Jeanne Schmidlin said her daughter, who has cerebral palsy, was in the NICU for 10 weeks 25 years ago after she was born 14 weeks prematurely at Akron City Hospital.
Emily Schmidlin, who is studying to be a clinical mental health counselor, said she has been to every state in the union and 37 countries outside the United States.
“Paris is pretty cool,” Emily Schmidlin said. “But there’s no place I don’t like.”
Her mother said neither Emily’s medical condition nor her wheelchair has slowed her down.
Travis Denholm, who at 22 has beat the odds after spending the first two years of his life in the NICU, just wanted to dance after he heard the beat of the music from the stage.

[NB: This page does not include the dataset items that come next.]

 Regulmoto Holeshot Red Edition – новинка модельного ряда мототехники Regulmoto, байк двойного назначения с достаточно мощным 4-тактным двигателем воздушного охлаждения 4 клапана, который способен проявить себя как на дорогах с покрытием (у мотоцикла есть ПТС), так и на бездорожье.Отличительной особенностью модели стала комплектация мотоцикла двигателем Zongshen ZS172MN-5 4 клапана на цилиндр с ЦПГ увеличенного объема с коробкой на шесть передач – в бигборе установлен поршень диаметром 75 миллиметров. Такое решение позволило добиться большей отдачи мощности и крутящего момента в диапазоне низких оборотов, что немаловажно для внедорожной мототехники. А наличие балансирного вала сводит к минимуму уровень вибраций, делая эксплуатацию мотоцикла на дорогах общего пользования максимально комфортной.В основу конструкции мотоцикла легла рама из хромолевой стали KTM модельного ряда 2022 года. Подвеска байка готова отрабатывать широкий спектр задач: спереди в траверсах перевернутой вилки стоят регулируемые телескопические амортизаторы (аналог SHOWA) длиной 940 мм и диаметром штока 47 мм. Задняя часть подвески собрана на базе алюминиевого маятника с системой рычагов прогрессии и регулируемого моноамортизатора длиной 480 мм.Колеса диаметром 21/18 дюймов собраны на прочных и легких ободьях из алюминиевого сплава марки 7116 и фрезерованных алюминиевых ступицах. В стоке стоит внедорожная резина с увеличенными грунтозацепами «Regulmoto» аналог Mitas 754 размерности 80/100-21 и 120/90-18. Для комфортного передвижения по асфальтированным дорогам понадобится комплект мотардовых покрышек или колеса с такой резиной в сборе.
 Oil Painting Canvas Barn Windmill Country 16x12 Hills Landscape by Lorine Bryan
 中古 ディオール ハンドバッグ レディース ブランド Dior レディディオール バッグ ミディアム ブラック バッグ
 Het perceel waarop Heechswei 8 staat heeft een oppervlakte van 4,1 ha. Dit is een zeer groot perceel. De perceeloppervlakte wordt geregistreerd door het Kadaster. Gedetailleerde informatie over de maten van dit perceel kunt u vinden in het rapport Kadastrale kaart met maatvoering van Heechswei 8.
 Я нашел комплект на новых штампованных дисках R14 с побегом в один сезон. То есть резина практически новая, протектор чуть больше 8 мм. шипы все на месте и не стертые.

But Denholm and his mother, Doreen Vernotzy, both of Akron, were also anxious to see Dr. Anand Kantak, director of neonatology at the hospital. It was the first reunion between the young man and the doctor who helped save his live after he was born 14 weeks premature in 1990, weighing 1 pound 11½ ounces.
“I can’t even believe I’m standing here with him,” she said.
“The doctors said he wouldn’t live,” said Vernotzy, who carried the tiny clothes she made for his christening.
Denholm turned to his mother. “You never told me that,” he said.
“I wanted to live, man,” he said, pumping his fists in the air.